Print every line of the material below exactly as it stands, but omit the pictures.

Stored data START

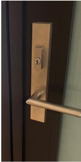
DOOR HANDLE IN REGULAR POSITION.

The door handle should ONLY be pressed downward for normal operation, unless you intend to engage the hurricane locking system during a hurricane!
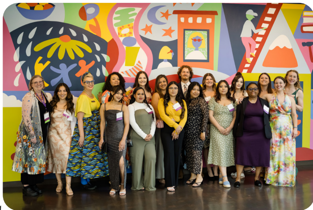
FloCrit staff and students pose together.

Thanks to the generosity of our community, Pathways to Empowerment: Manifesting Abundance raised $233,000 to support our mission of educating, preparing, and empowering teen moms and their children.

Stored data END

**Answer area:**
DOOR HANDLE IN REGULAR POSITION.

The door handle should ONLY be pressed downward for normal operation, unless you intend to engage the hurricane locking system during a hurricane!
FloCrit staff and students pose together.

Thanks to the generosity of our community, Pathways to Empowerment: Manifesting Abundance raised $233,000 to support our mission of educating, preparing, and empowering teen moms and their children.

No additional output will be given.